Reconstruction is expensive.

The American Red Cross needs your help. They have had to take out $340 million dollars in loans, the first time the charity has ever gone into debt for disaster relief. [New York Times story here.]

10.20.2005

Hmm

From NPR, Senator Patrick Leahy on completion of the Miers' confirmation hearings:
We do not have an end time and whether we get out at Thanksgiving or not is not my concern; my concern is that it is done right. And if the questions are…answered as incompletely as they have been, then it’s going to be a long hearing indeed.
One might say an analogous statement could be made of Iraq.

10.16.2005

Assorted miscellany

Definition of a bad party: black suits dancing to YMCA.* I passed by a classic case in the form of a charity gala a block down on my street last night. Today on 15th street: an apartment's windows open to the fair weather, Clap Your Hands Say Yeah! blaring over the fan. Definition of a great Sunday.
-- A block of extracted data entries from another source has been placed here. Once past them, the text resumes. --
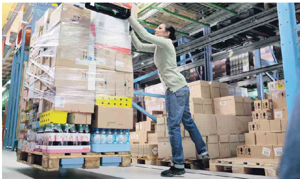
Erkrankungen des Muskel-Skelett-Systems machen den größten Anteil an den Arbeitsunfähigkeits-Tagen aus.
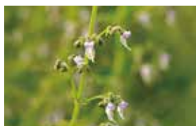
延命草 [えんめいそう] 抗炎症、抗酸化

民間薬として ▶ 血液を補い、血液循環をよくする作用があることから、冷え症などの婦人科疾患の改善に用いられる。
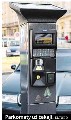
Parkomaty už čekají. ELTODO

kteř z dalších etap. Radnice Prahy 6 a 9 chtějí, aby tam nevznikly původně plánované návštěvnické zóny, ale smíšené zóny, které budou sloužit rezidentům i návštěvníkům zároveň. Od zavedení parkovacích zón zcela upustila rad-
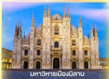
มหาวิหารเมืองมิลาน

American diplomats still can't speak Arabic. It occurs to me that part of the problem is excellent Arabic speakers are alienated by our administration's aggressive regional policy [I certainly am, not that I'm any great shakes at the language]. It also occurs to me that the Foreign Service Institute, competent as it is, overlooks the power of immersion. They get you to an intermediate level of speaking ability and then send you to post to work it out on your own. Continued training in the destination country: cheap, easy, effective.

Outlets for your underused creativity: New Yorker Cartoon Contest and WaPo's Style Invitational, where I regularly fulfill my need for bad puns.**

*Funny, Connor Deasy just sang, "Guess everyone else went to a better party," into my ear.
**Incidentally, if anyone knows the permalink generator for Post content, I'd be ever so grateful.

Sing all hail, what'll be revealed today...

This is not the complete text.